FIG. 9 shows a sectional view of the laminations of the pole pieces taken in the direction of lines 9--9 of FIG. 8.
Looking at FIG. 1, a hammerbank 10 is shown. The hammerbank 10 moves in an oscillatory manner across a print station for purposes of printing on a piece of paper moving over a platen. A description of the operation of the hammerbank 10 can be exemplified in a co-pending U.S. Patent Application of the inventor hereof and James Chon and other patents of the assignee of this invention, namely Printronix, Inc.
The hammerbank 10 is formed with a magnesium, aluminum, or other non-magnetic alloy, or non-magnetic material such as fibrous reinforced plastics, in the form of an elongated block or structure 12. The hammerbank structure has fins 14 which provide cooling to the hammerbank.

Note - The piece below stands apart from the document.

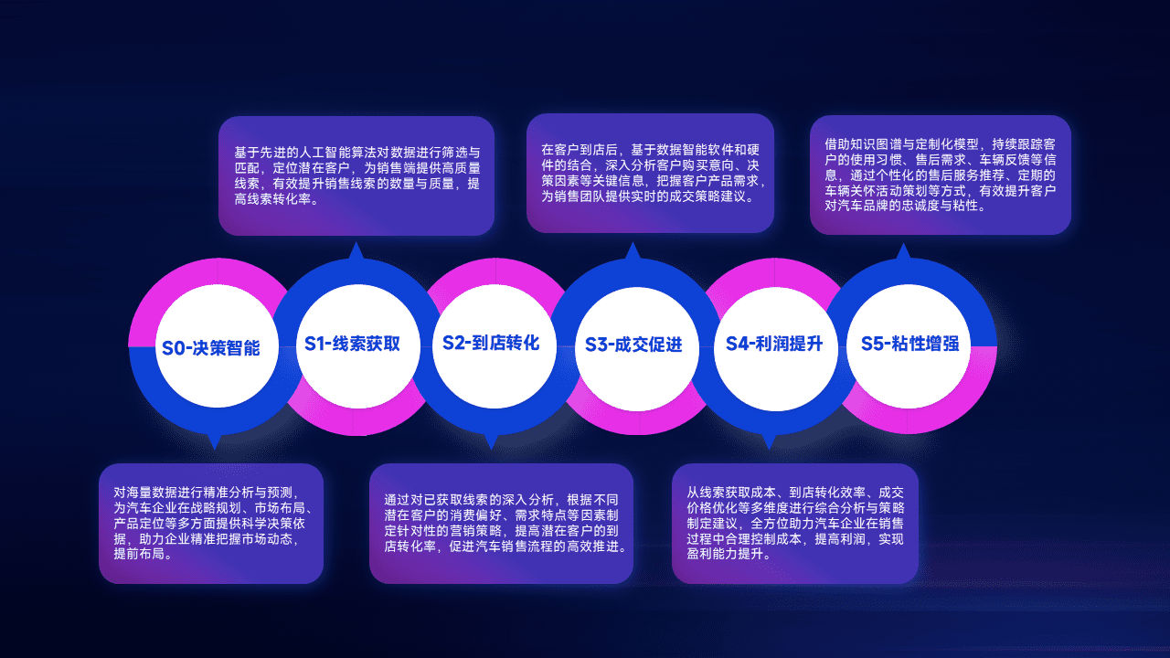 通过拓宽潜在客户来源、、、、优化线索分配并提高到店转化率,,,以增强销售效率。。。。同时,,,利用线索数据不断优化分析模型,,,,有效提升转化率,,扩大营销影响力。。。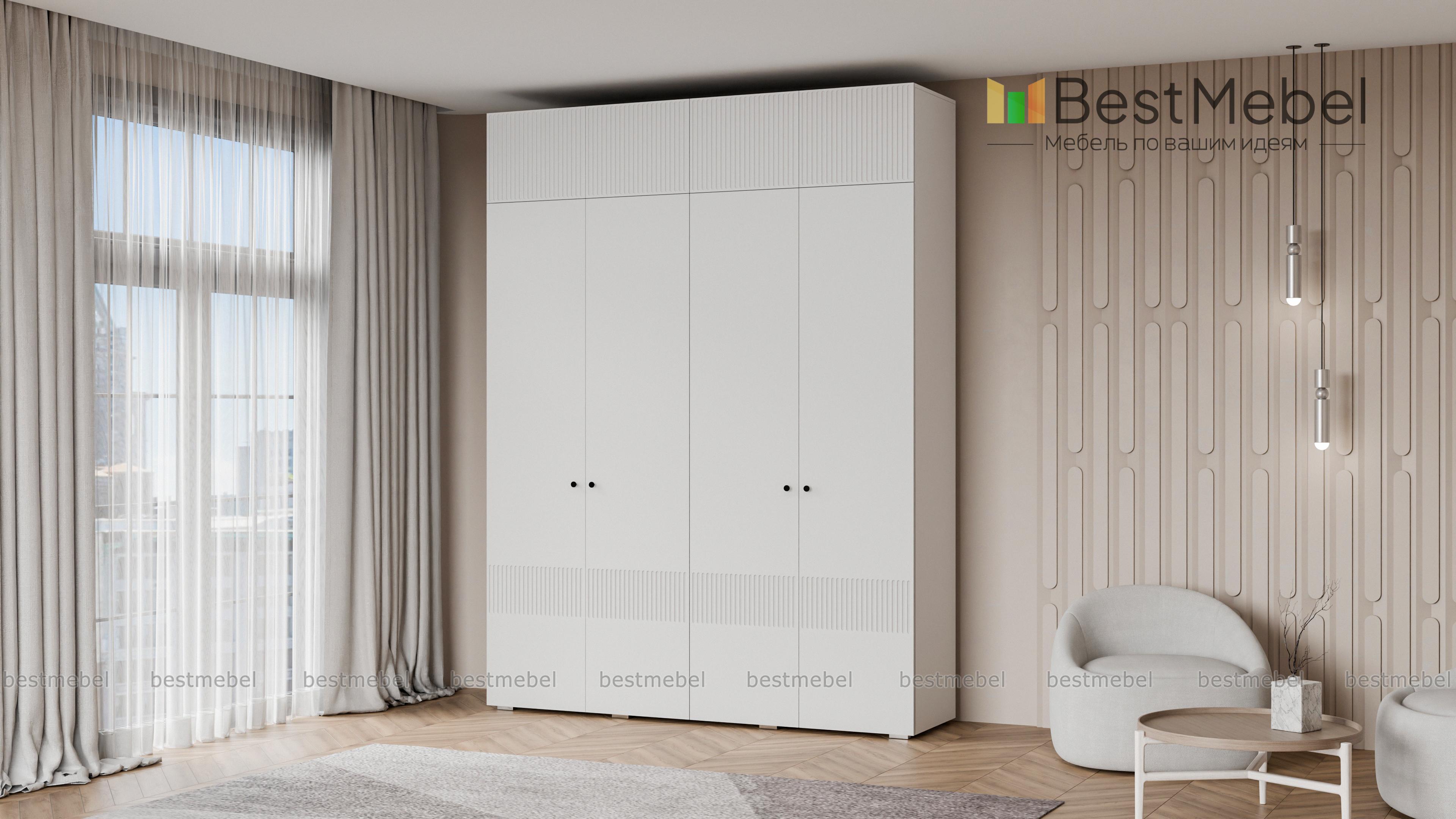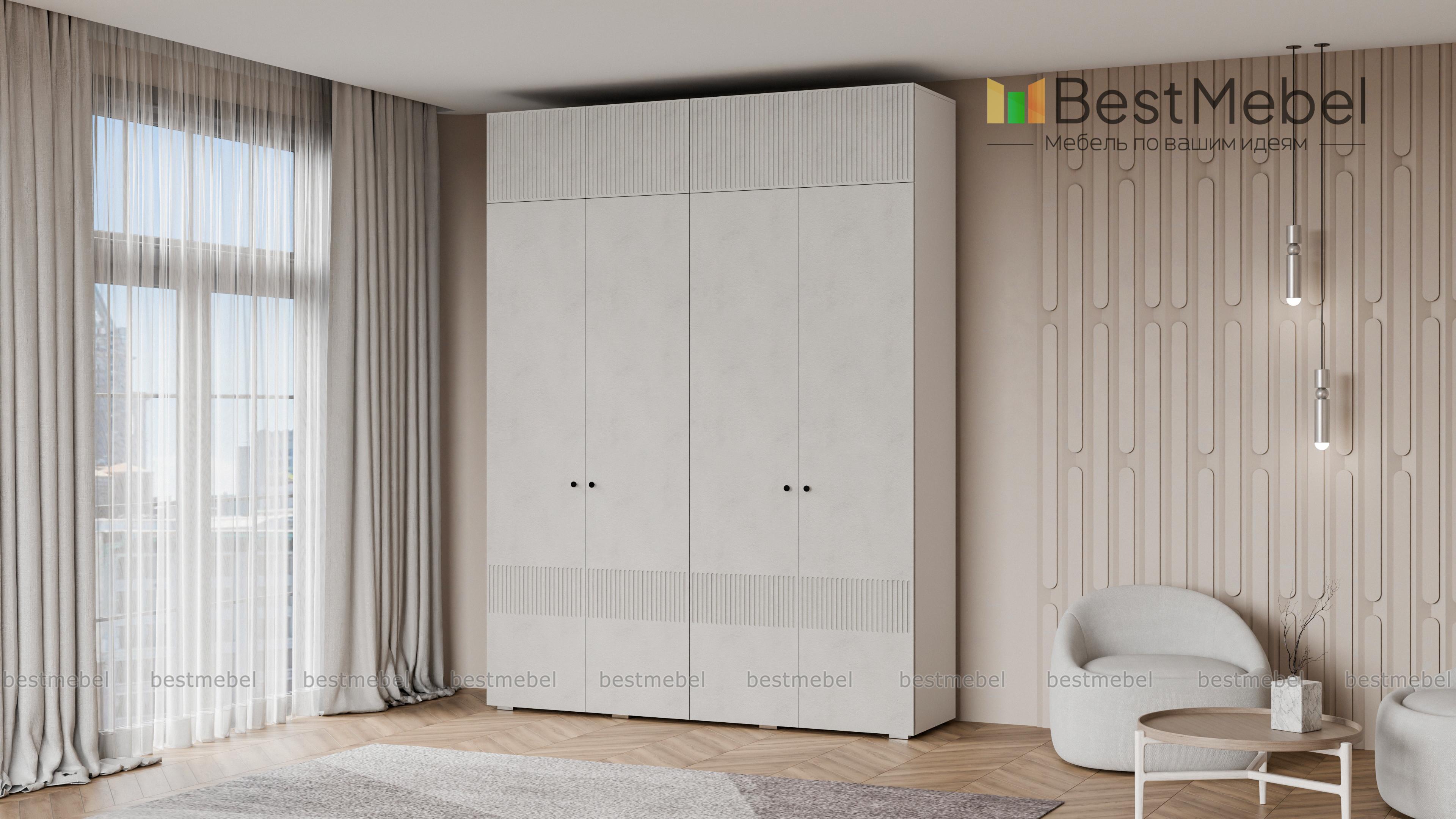 Шкаф распашной Джосс 10 BMS с четырьмя дверцами и антресолью можно разместить в разных комнатах: небольших спальнях, прихожих и детских. Оригинальные оттенки корпуса и фасада создают комфортную атмосферу в помещении, стильный акцент в отделке — фрезерованный орнамент. За дверцами справа скрыты штанга и полка, а слева — узкая платяная секция и бельевой стеллаж. Купить шкаф распашной Джосс 10 BMS с выбором размеров, цвета и фурнитуры вы сможете недорого в нашем интернет-магазине.

In association with the hammerbank, are a series of hammers 16 that are shown connected to a fret 18. The fret or plurality of hammersprings 16 are formed as one continuous member with the fret 18. The fret 18, supports a plurality hammersprings 16, in this case, a total of seven (7). The hammersprings 16 are sufficiently mechanically isolated to avoid interaction through a base 20 of the fret 18.
The fret 18 is secured to the hammerbank block or structure 12 by screws 22 that are seen as three (3) screws for securement of the fret 18 to the hammerbank 12. This provides a mechanically solid connection.
The fret 18 can be seen with an opening 26 in FIG. 7 in the exploded view thereof for purposes of receiving the screws 22 for securing the fret 18 against the hammerbank block 12.
The backside of the fret 18 with the hammersprings 16 can be seen more clearly in FIG. 6. In this case, it can be seen that the hammersprings 16 have an enlarged end portion 30. The end portion 30 provides for the mass of the hammerspring being generally oriented toward the driven portion and also the area which must be accommodated for interaction with the magnetics of this invention. The shape and size of the hammersprings can be exemplified in co-pending U.S. Patent Applications by the inventor hereof and James Chon as commonly assigned to the Assignee hereof.
The hammerspring 16 with its enlarged end or head portion 30 is characterized by its expanding fiddle shape that optimizes its configuration for retention by the magnetic field to draw the hammerspring 16 into retention therewith. The hammerspring 16 has a necked down spring portion 32 which tapers from the base of the fret 18 into the end 30. This provides for a uniform spring action and consistent storage of potential energy therein when it is retained by the action of the magnetics hereof. The hammerspring 16 is secured by an enlarged base portion 34 to the base 20 of the fret 18.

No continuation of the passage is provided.